● **WORK TASK**:
Copy word for word the lines in the records below, starting at the line with "The ultra contemporary" and ending at the line with "Cinematic portrait of". Skip the pictures.

● **THE DATA**:

════════════════

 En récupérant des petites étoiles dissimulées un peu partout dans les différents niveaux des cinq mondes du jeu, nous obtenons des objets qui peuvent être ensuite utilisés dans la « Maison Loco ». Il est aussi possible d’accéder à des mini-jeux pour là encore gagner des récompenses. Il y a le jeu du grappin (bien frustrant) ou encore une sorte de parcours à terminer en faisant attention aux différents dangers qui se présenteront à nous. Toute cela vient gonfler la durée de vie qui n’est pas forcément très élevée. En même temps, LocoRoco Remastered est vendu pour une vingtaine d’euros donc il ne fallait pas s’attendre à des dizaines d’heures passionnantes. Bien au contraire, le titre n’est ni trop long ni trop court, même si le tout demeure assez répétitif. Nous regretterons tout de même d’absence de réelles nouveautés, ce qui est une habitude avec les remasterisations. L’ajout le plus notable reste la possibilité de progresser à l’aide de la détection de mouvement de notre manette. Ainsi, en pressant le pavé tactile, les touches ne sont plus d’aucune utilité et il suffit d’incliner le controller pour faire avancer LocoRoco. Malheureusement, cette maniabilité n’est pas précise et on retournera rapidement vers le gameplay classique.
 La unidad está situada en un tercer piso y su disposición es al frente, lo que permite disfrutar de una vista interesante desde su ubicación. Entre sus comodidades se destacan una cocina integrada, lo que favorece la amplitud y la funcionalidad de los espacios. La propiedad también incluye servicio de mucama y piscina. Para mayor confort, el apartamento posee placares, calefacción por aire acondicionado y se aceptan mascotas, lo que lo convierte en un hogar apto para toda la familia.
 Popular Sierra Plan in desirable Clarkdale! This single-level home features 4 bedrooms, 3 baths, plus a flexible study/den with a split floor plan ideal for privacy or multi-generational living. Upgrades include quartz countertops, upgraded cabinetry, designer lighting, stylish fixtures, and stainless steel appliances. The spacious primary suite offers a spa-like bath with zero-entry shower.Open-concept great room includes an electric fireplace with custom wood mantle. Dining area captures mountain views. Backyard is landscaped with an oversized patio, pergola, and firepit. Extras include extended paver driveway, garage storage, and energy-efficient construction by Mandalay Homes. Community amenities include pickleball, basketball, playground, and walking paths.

════════════════

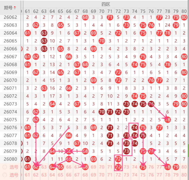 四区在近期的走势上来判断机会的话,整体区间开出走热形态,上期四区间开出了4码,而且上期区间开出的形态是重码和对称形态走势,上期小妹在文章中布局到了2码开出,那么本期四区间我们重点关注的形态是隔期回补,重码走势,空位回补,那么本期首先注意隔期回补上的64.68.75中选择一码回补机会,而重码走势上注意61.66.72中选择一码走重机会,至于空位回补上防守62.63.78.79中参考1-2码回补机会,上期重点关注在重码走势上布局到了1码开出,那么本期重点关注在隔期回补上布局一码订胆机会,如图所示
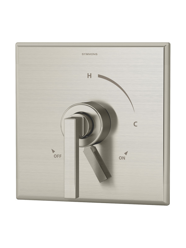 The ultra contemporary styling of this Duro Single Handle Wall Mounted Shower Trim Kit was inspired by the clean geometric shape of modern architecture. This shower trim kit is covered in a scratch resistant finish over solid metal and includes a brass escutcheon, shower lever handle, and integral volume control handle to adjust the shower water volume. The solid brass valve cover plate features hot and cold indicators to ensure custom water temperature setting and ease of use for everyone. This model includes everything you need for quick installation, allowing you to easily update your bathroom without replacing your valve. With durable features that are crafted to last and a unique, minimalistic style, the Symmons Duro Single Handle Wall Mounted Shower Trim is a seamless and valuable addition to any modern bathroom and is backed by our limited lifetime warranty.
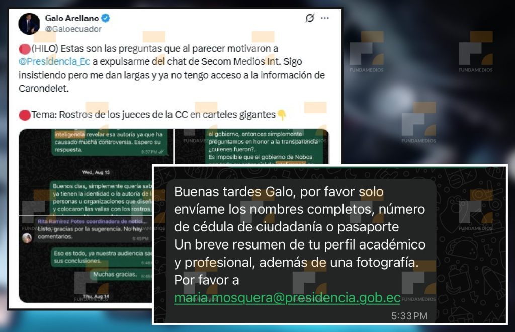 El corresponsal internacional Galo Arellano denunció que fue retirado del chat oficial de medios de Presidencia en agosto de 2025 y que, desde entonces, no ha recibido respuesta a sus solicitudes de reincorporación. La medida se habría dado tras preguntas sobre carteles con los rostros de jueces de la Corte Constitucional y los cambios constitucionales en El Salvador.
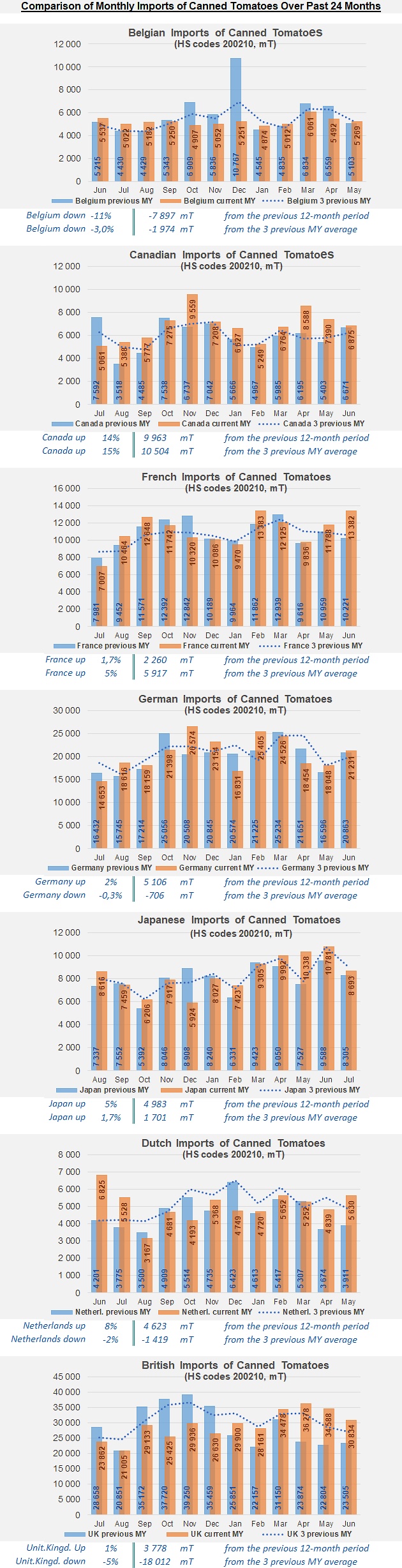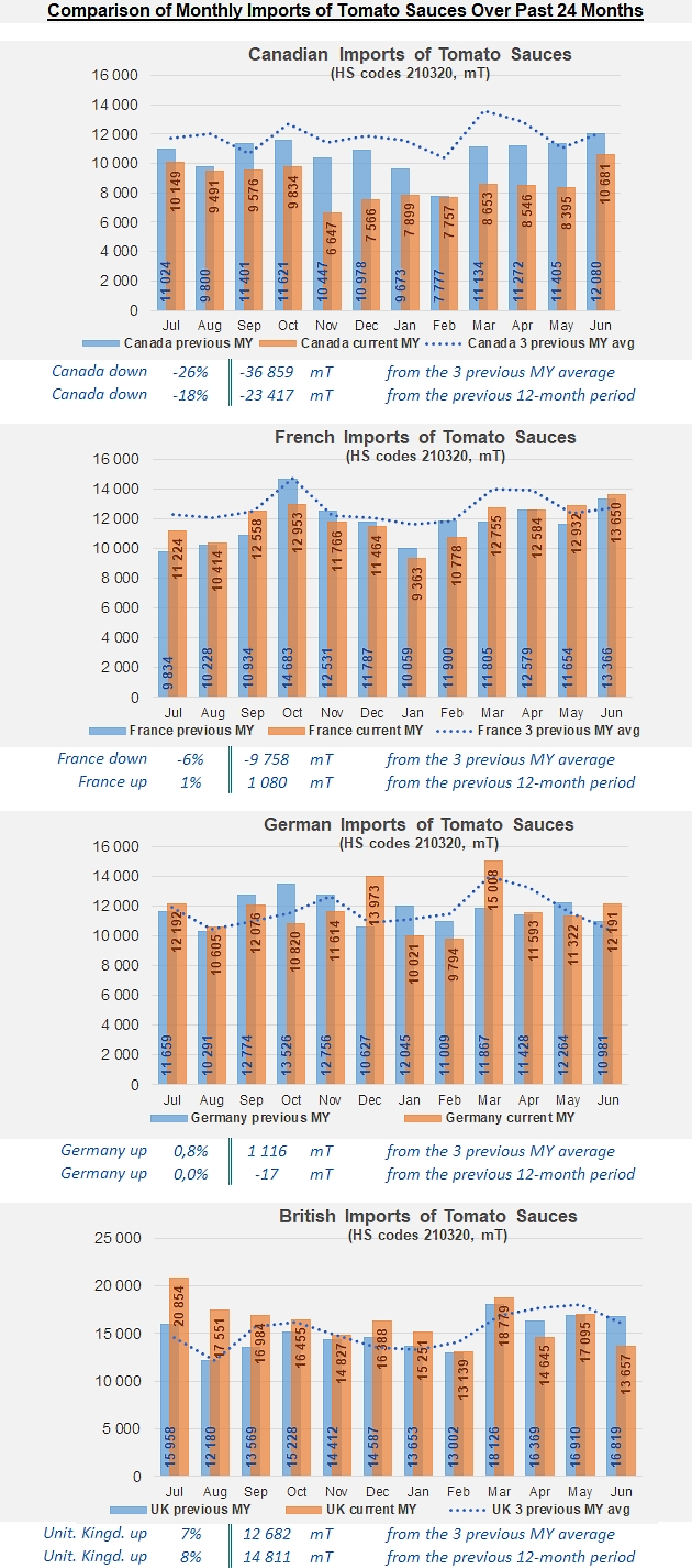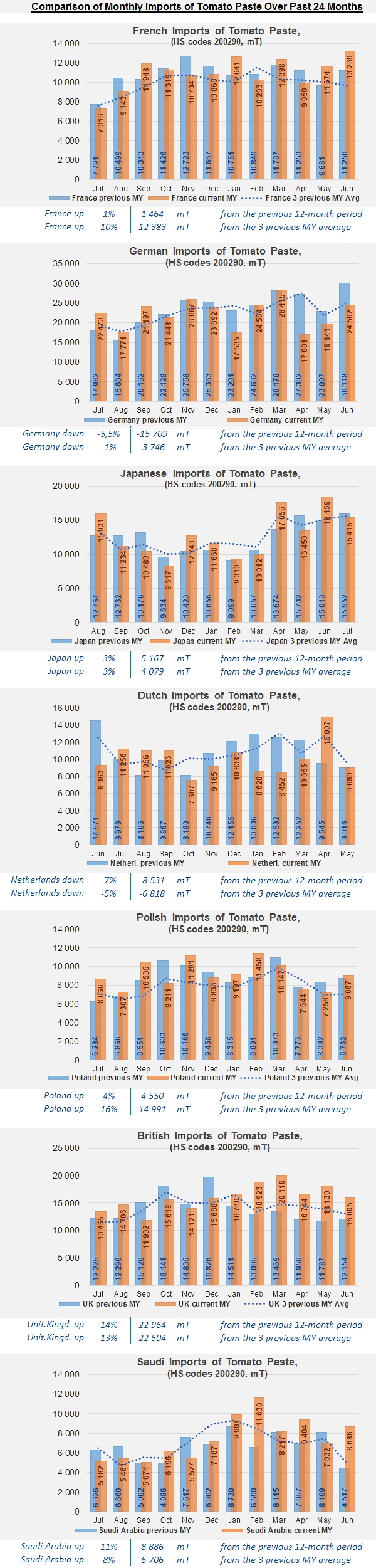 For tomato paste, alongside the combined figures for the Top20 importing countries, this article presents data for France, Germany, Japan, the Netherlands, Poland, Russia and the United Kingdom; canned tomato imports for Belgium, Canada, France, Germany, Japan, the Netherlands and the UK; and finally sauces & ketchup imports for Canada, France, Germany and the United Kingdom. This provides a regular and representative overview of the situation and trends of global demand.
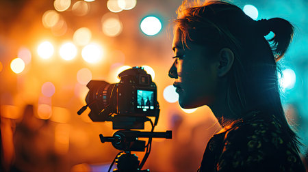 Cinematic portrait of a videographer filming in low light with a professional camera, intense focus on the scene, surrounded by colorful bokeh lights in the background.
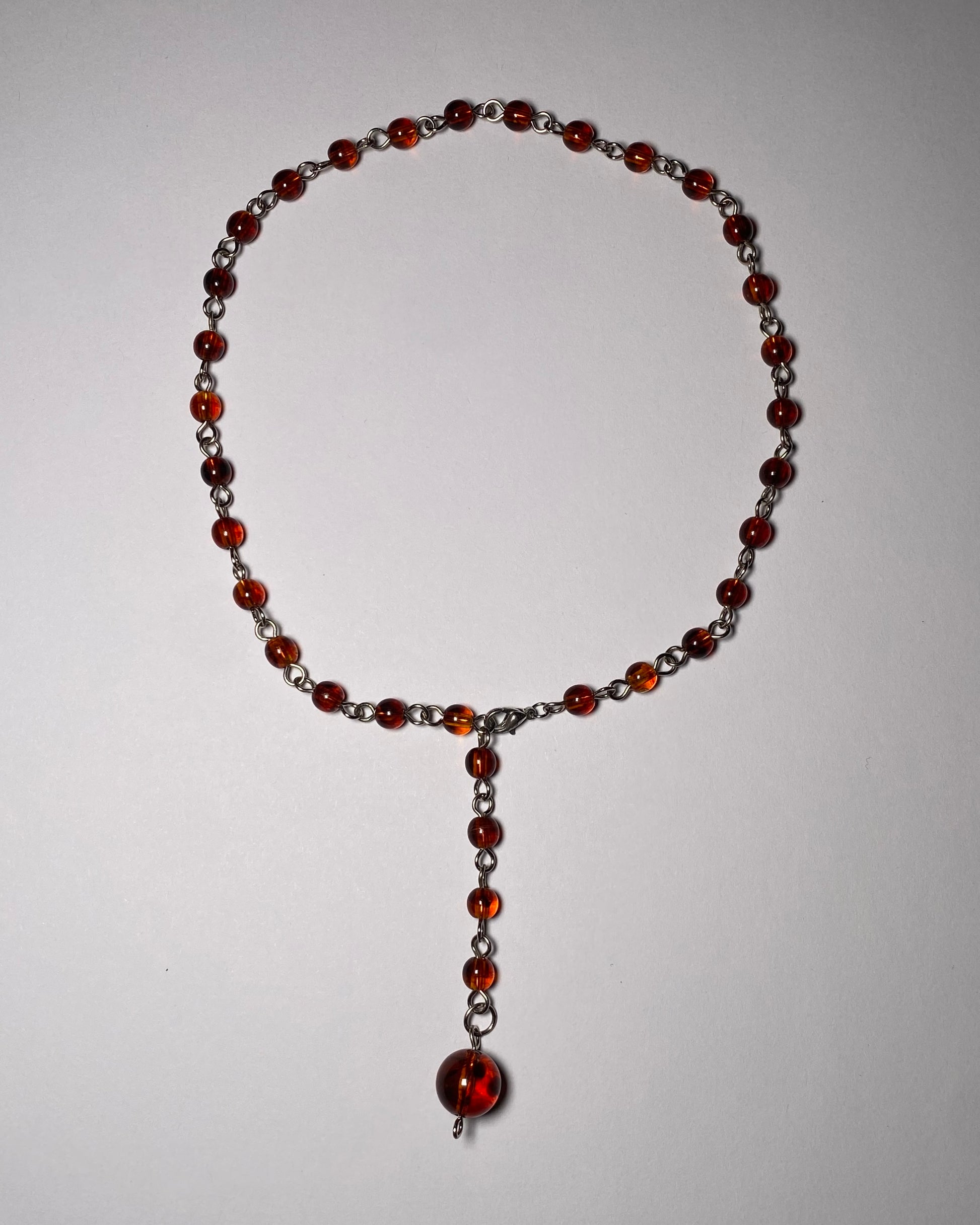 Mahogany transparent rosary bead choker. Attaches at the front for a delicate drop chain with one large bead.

════════════════

● **ANSWER TO THIS PROBLEM**:
 The ultra contemporary styling of this Duro Single Handle Wall Mounted Shower Trim Kit was inspired by the clean geometric shape of modern architecture. This shower trim kit is covered in a scratch resistant finish over solid metal and includes a brass escutcheon, shower lever handle, and integral volume control handle to adjust the shower water volume. The solid brass valve cover plate features hot and cold indicators to ensure custom water temperature setting and ease of use for everyone. This model includes everything you need for quick installation, allowing you to easily update your bathroom without replacing your valve. With durable features that are crafted to last and a unique, minimalistic style, the Symmons Duro Single Handle Wall Mounted Shower Trim is a seamless and valuable addition to any modern bathroom and is backed by our limited lifetime warranty.
 El corresponsal internacional Galo Arellano denunció que fue retirado del chat oficial de medios de Presidencia en agosto de 2025 y que, desde entonces, no ha recibido respuesta a sus solicitudes de reincorporación. La medida se habría dado tras preguntas sobre carteles con los rostros de jueces de la Corte Constitucional y los cambios constitucionales en El Salvador.
 For tomato paste, alongside the combined figures for the Top20 importing countries, this article presents data for France, Germany, Japan, the Netherlands, Poland, Russia and the United Kingdom; canned tomato imports for Belgium, Canada, France, Germany, Japan, the Netherlands and the UK; and finally sauces & ketchup imports for Canada, France, Germany and the United Kingdom. This provides a regular and representative overview of the situation and trends of global demand.
 Cinematic portrait of a videographer filming in low light with a professional camera, intense focus on the scene, surrounded by colorful bokeh lights in the background.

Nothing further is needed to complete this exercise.